Abstract: This disclosure describes a series of derivative inventions and improvements upon the core concept of client-driven adaptive bitrate streaming. The disclosed methods expand upon the idea of segment-based media delivery by introducing alternative components, expanding operational parameters to extreme environments, applying the core logic to disparate technical domains, integrating next-generation technologies like AI and blockchain, and defining novel failure or low-power operational modes. These disclosures are intended to enter the public domain to serve as prior art for future patent applications in this field.

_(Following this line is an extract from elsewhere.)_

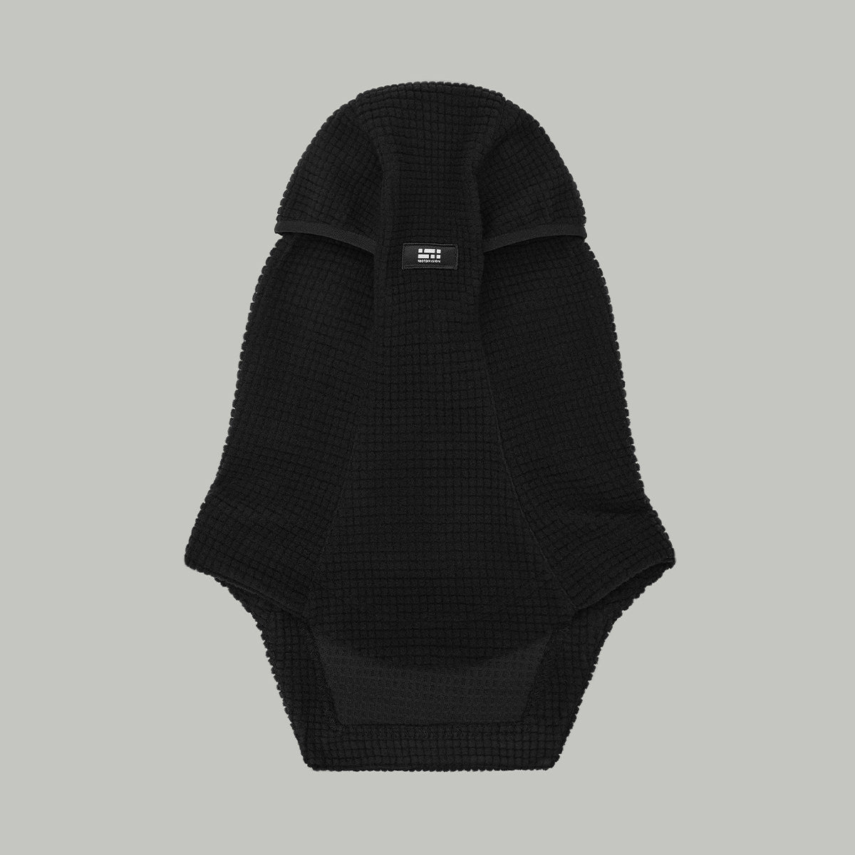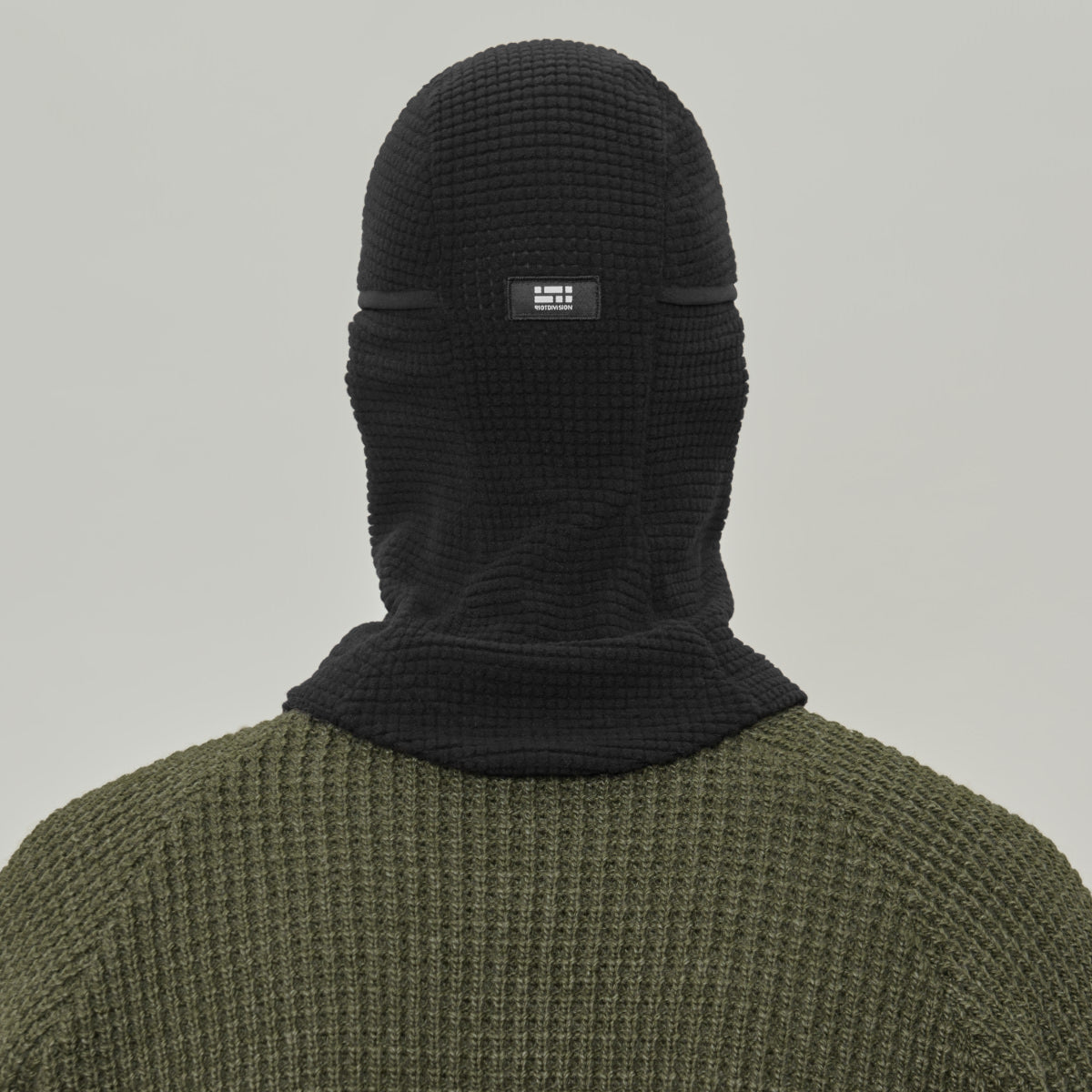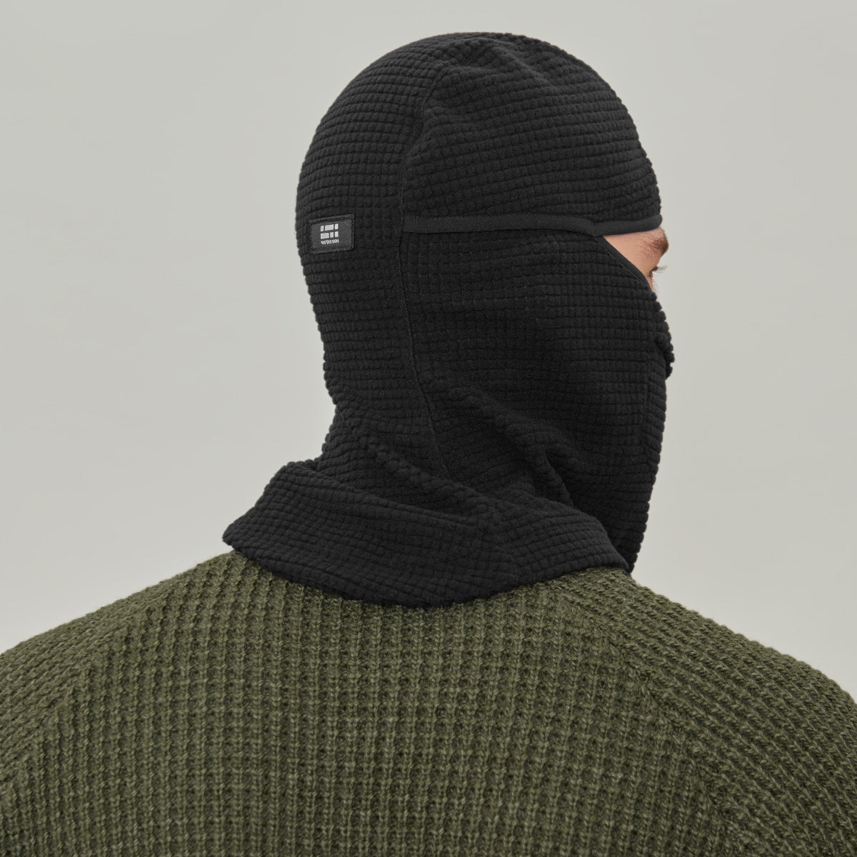 Balaclava made grid fleece. May be worn with the exposed eyes only, face only or as a neck protector.

Analysis and Derivations Based on Independent Claim 1

Core Concept of Claim 1: A client-side media player streams video by requesting discrete segments ("streamlets") from one of several alternative video streams, each encoded at a different quality. The client monitors a performance factor (e.g., download speed, buffer health) and uses this data to decide whether the next segment requested should be from a higher-quality or lower-quality stream, using standard web servers and TCP/IP protocols.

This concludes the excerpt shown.